The turning point in our marriage happened as we wrestled with how we were going to ‘do it all’? I felt torn about the ministry I was doing in our Church, and doing ministry at Uni, plus looking after 4 children, when we both needed to be at Uni sometimes. Andrew blurted out something that I had no idea was coming. He said, “Julie-anne, you are truly gifted at ministry and I want to support you to do it full time!” I was surprised and felt a bit torn because the evangelistic gifts I had would easily lend itself to staying home with the kids, having people over all the time, running the P&A group at the school as well as the Playgroup at Church etc. Yet, as Andrew pointed out, Uni ministry had lots of gifted Bible teachers, but they didn’t have heaps of gifted evangelists. Also Andrew was really enjoying being with the kids and actually having time with them.
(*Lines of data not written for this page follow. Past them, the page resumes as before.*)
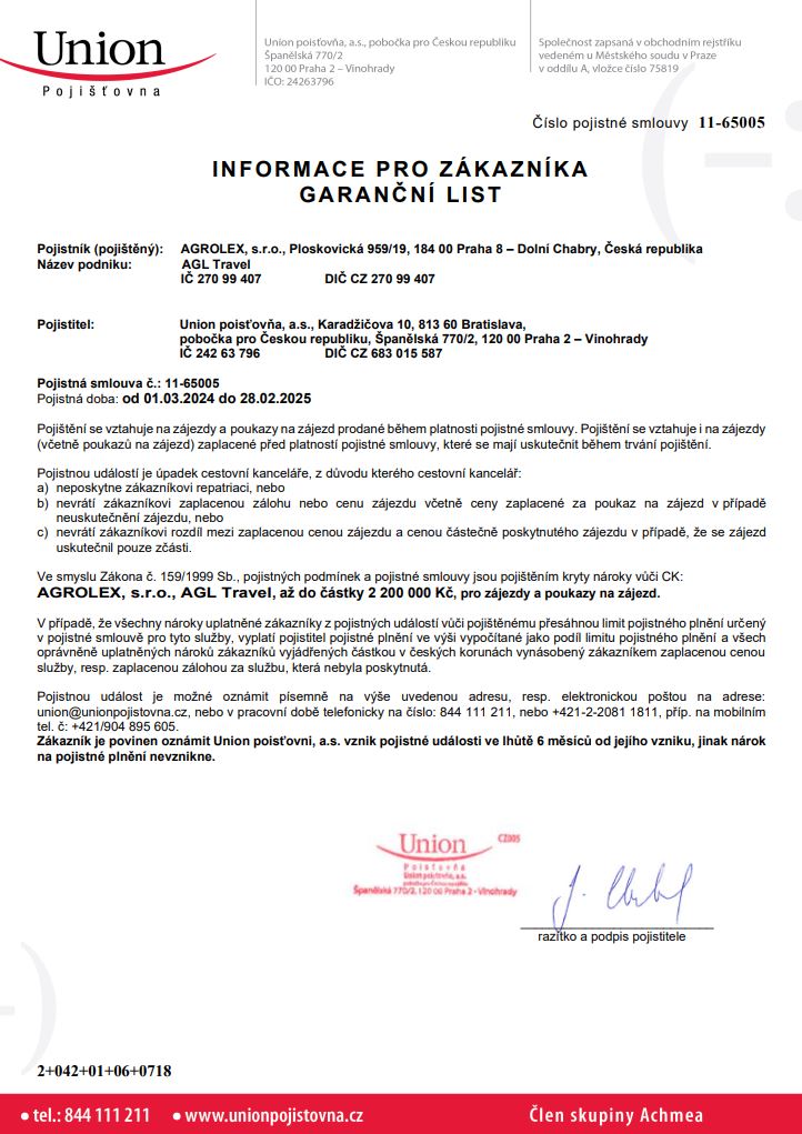Cestovní kancelář AGL travel (jako AGROLEX, s.r.o.) je pojištěna proti úpadku u UNION pojišťovny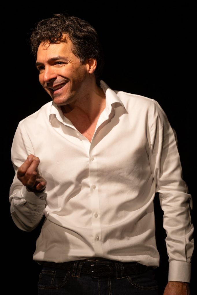 Dès le début, Georges Demory s’adresse directement au public, avec l’énergie d’un stand-upper et l’enthousiasme d’un amoureux fou d’art lyrique.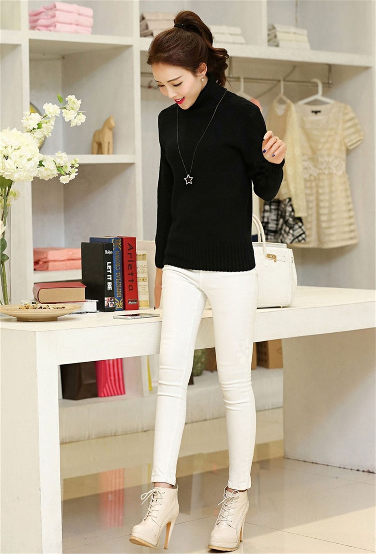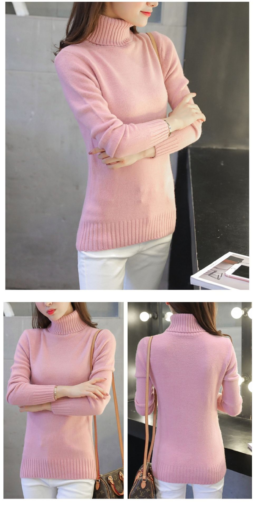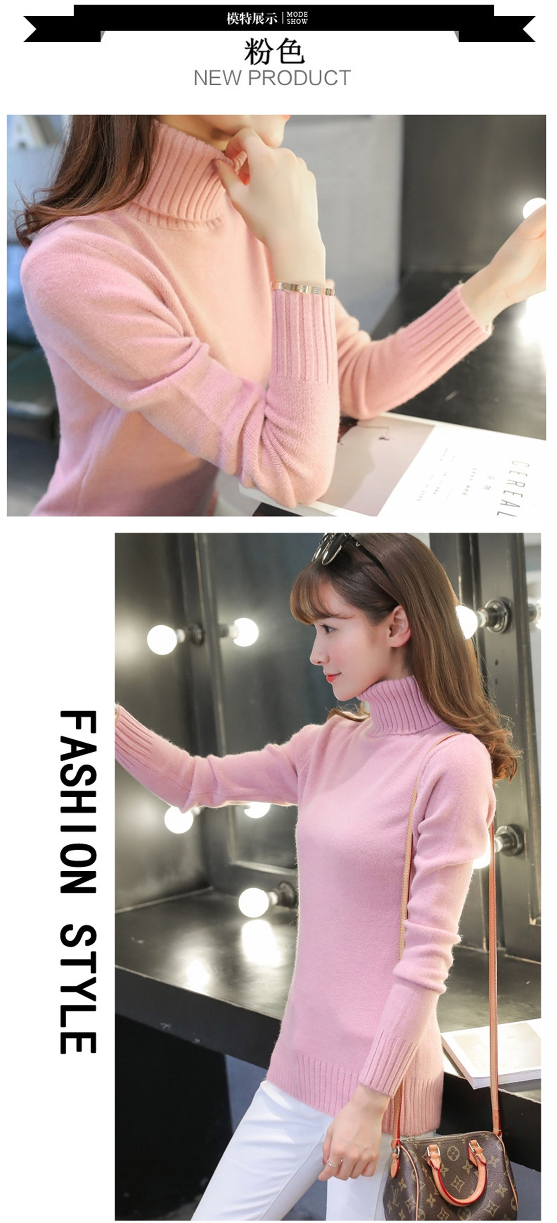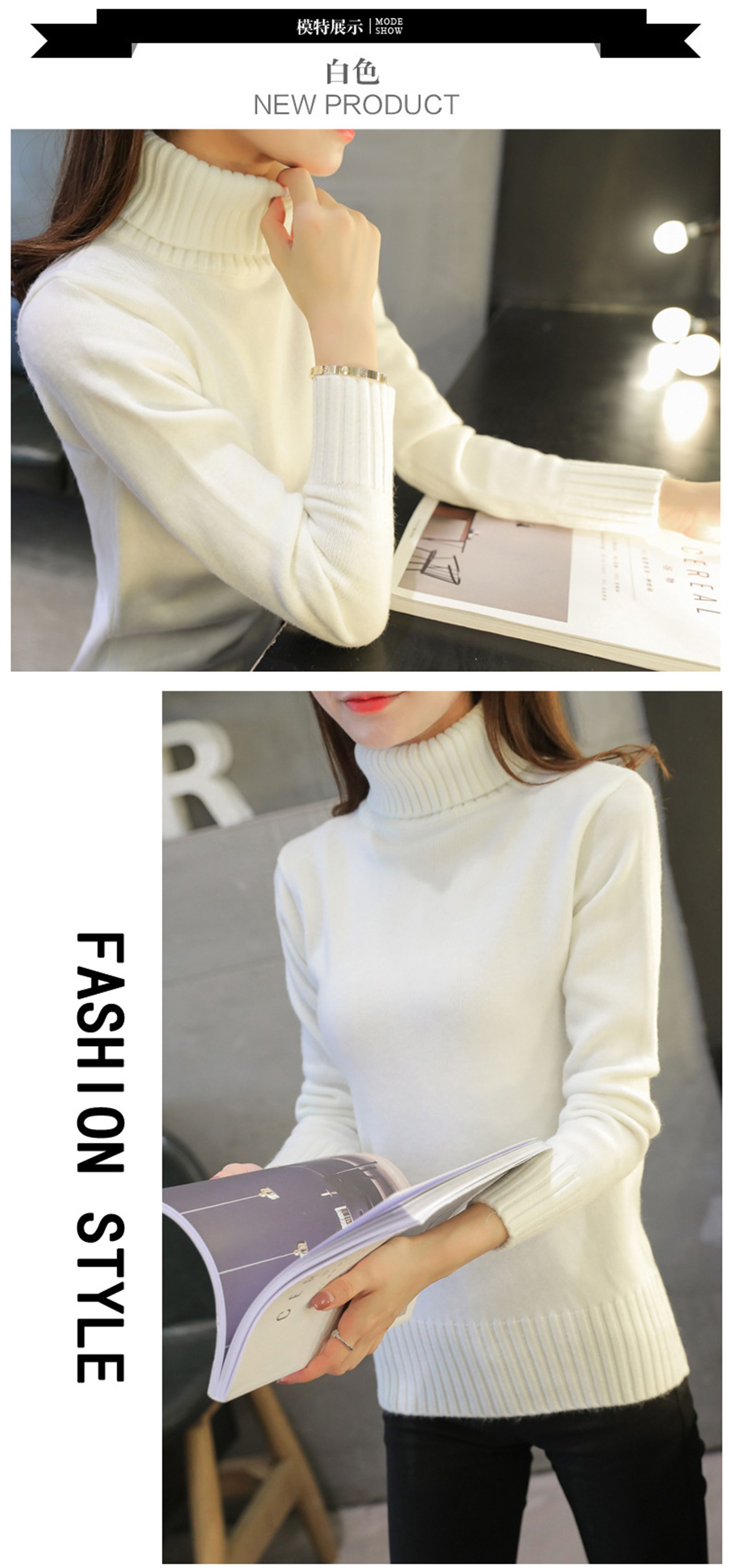 软糯女士毛衣2023新款秋冬高领套头长袖纯色针织衫韩版舒适打底衫

We eventually worked out a solution we were both happy with. We would both work 3 days a week and then we were able to have 4 days at home with the family and be able to be involved in our local church. Andrew started up his own business, which grew to 3 days quickly, and I went to 3 days in ministry. I would look after the kids while he was involved in the local church, on vestry, preaching, working etc and he would look after the kids during the week while I did University ministry and other voluntary things. We also had to have the conversation about it being equal at home with the duties as well. I didn’t want to spend my days at home catching up on all the housework. Andrew rose to that challenge and it was incredibly freeing for me knowing I could go to work and not worry about things and I wanted to give Andrew that as well.

The thing that surprised me was people asking about how I felt about Andrew giving up ministry? We hadn’t thought about it like that. Our thinking had been, how could we support each other to serve God in the best way possible! Neither felt more important than the other. If Andrew was prepping for a sermon, I would take the kids out for the day and if I was at a camp, Andrew would step up and look after the kids for the whole week. We just kept talking and working out how to do it together. I don’t think this is unusual in a marriage or family but it did look different as a woman in ministry. I really didn’t know many married women, with children, who did this and it felt pioneering in some ways.

We all theologically believe men and women are equal before God (Gal 3:28) and we all want each other to thrive to become the person God wants them to be. The problem is when this isn’t going well; where there’s an abuse of power, or disrespect, or selfishness that insidiously works out in marriages or one person makes the decisions. We all want a marriage where we’re treated with respect, love, generosity and kindness (in fact all relationships should operate like this). So really we should call all marriages egalitarian because, as Christians, we want the other to flourish in the gifts God has given them and for God to be first in their relationship, and we want each to love Jesus with all our heart and to serve Him until the day we die!!

Julie-anne is the Director of Missional engagement for City to City Australia three days per week and would love to see real gospel movement across Australia.  She has a real heart for people to know Christ and would love to see Churches doing this better. 

For the last 20 years, she has worked with AFES helping students reach out to the Uni Campus at both Melbourne and LaTrobe. She is the Chair of Lausanne Australia and has been a Victorian Coordinator for Arrow Leadership for the last 12 years. She is also the Young Adults Pastor at their local Church, All Saints Anglican Church in Greensborough, Melbourne.

Julie-anne is married to Andrew (not Andrew Katay, nor Andrew Laird who works for CBF, very confusing!) and they have 4 young adult children who are only 5.5 years apart (what was she thinking?!).